In the weeks since our last update, Elizabeth has been doing well! Matt's parents came to visit over a long weekend and the extra attention (that only Grandmas can sustain for 4 days straight!) enabled Elizabeth to make huge progress in her language and gross motor development. Okay that's the "medical-ease" way of saying, she's learning all sorts of new words and phrases ("ByeBye Daddy" and "Hi Daddy" being among her favorite) signing her colors and ABCs and taking her first steps! Of course we're so proud and at the same time, SO thankful to see her doing things that we at one time didn't let ourselves dream about.
Her feeding is improved as well, though in the last week it's taken a downturn, and she's gagging on almost everything I give her. Ugh! It's the roller coaster that I never become fully accustomed to. SUSTAINED forward progress is what I want, but 2 steps forward...1 and sometimes 3 steps back, is what we get, and I still struggle not to feel defeated every time I see that backward slide.
Two weeks ago I had a phone consultation with the "Feeding Guru" in the Bay Area. We'd sent her video of Elizabeth eating and she was able to give me some VERY specific feedback, as well as helpful suggestions. (For the mommys on this list who have kids with feeding disorders, let me know if you want the details, I'm happy to email them out. All of her suggestions have been really successful in their application) The conversation was a total answer to prayer. I feel encouraged about what I've been doing and now have some more tools in my belt. For the time being we're going to work on implementing her suggestions, and if we reach a point where we need her help teaching Elizabeth to chew (nothing comes naturally to these kiddos...it's all a process of teaching her how to use her muscles..."waking them up" so to speak) we can schedule an intensive 5 day intervention on a visit to the Bay Area.

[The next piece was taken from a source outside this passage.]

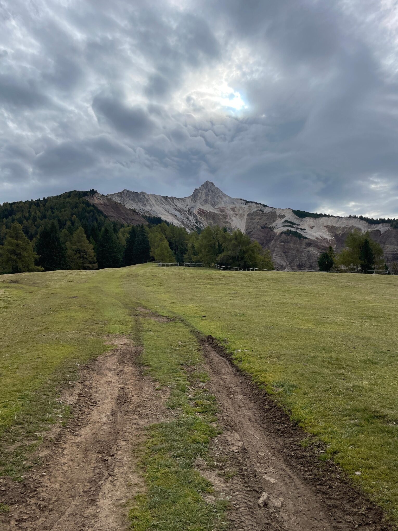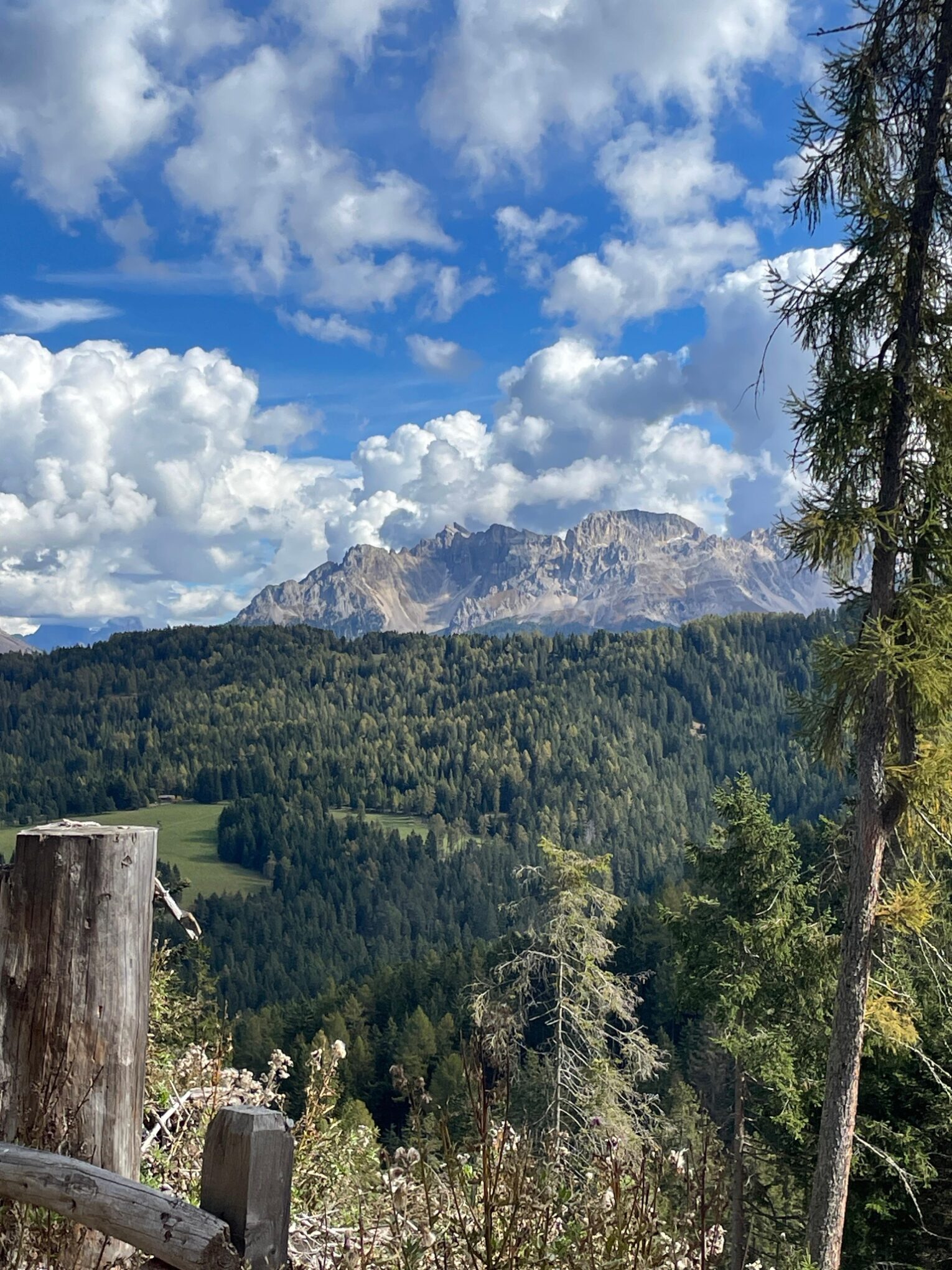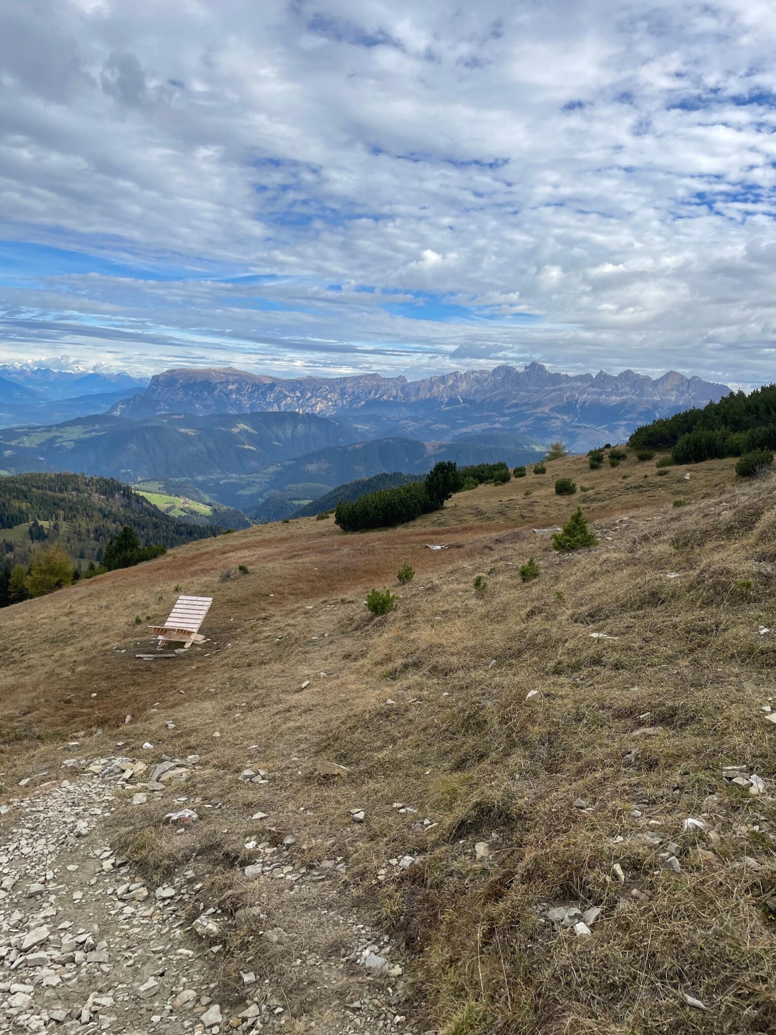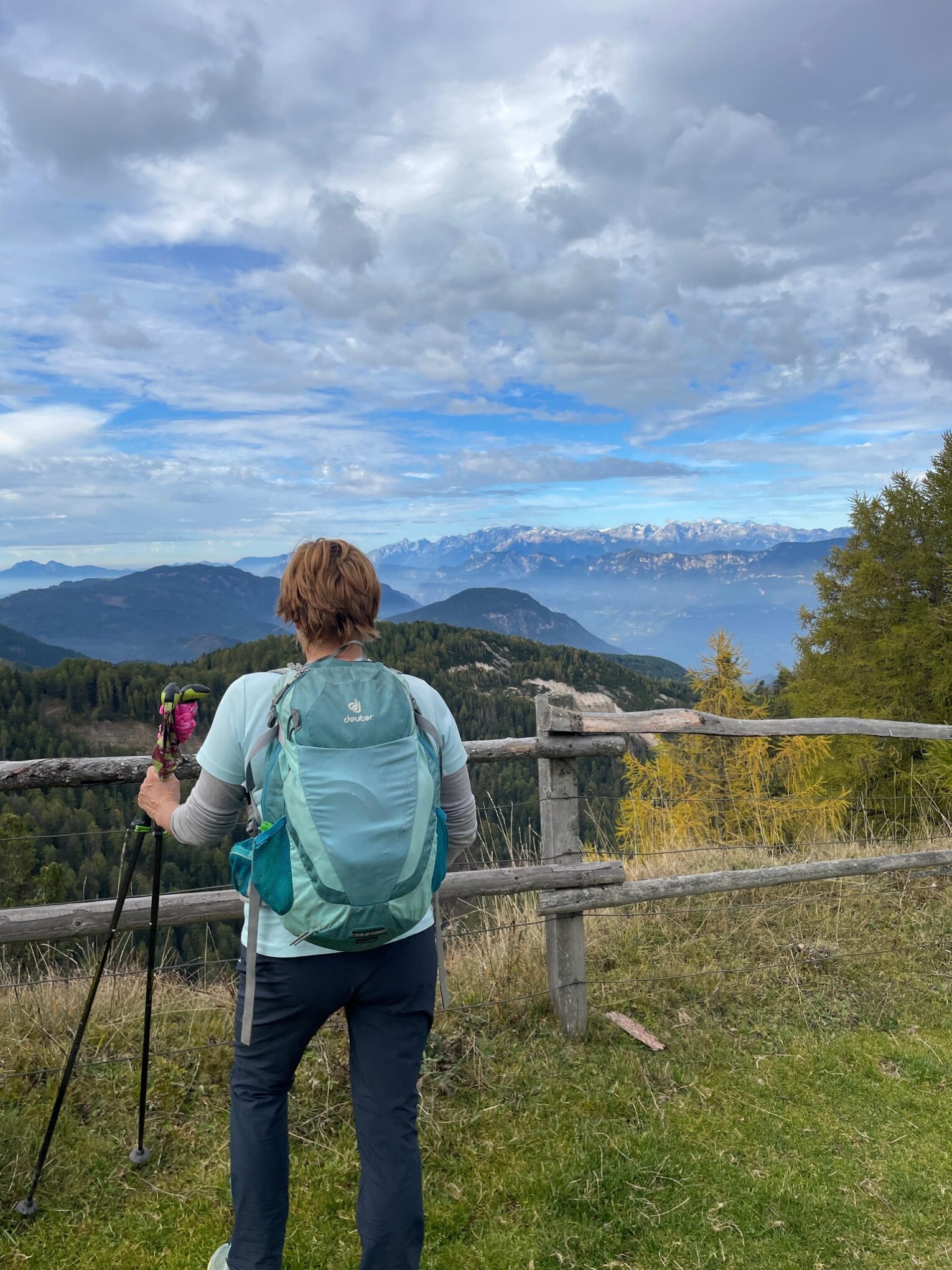Dann geht es „nur“ noch mal 800 Höhenmeter bergab bis nach Maria Weissenstein. Das machen wir nach dem ersten gefährlichen Teil ( Langsam) und dem Kösertalsattel über den wieder ganz schön angelegten E5 Fernwanderweg. Hier geniessen wir noch den direkten Blick hinüber zum Schlern, Rosengarten und Latemargebirge, die heute sehr schön unter der Wolkendecke leuchten. Im Restaurant vom Kloster Weissenstein lassen wir uns dann mit einer warmen Mahlzeit verwöhnen. Mit dem Linienbus geht es zurück nach Auer. Um zehn vor drei sind wir dann in Auer am Hauptplatz.

Finally, and the issue most immediately in need of prayer, Elizabeth's GI is eager to "deal" with the clot in her liver. Though she's still not a perfect candidate, he wants to investigate the options of a shunt to bypass the clot or a liver transplant. To that end, we'll be undergoing a CT Angiogram & Liver Biopsy at St. Louis Children's Hospital on Thursday (8/6). This will be our first time overnight at a new hospital and I'll admit, I'm a little anxious about a totally new group of people. I'll miss our VIP treatment from the folks at UCSF Children's Hospital (Michael, could you call and suggest they test her for Roto Virus so we can get a private room??) and will DEFINITELY miss the support of friends and family. We'd really appreciate your prayers for a complication-free procedure. Additionally, we don't know what is best for Elizabeth at this point. We need God to give wisdom to her Dr.s so they can make the wisest decisions in caring for her.
I'll send out an email to let you know how things go. Meanwhile, here are a few pics from our last few weeks.
Elizabeth loves to help me unload the dishwasher. Can you imagine why?? Eventually these utensils made it into the drawer.
This is the easiest way to call her grandparents these days. It's just the right size for little hands!
An Elizabeth Sandwich.
Our new Missouri license plate, and evidence that BGH Deux is growing.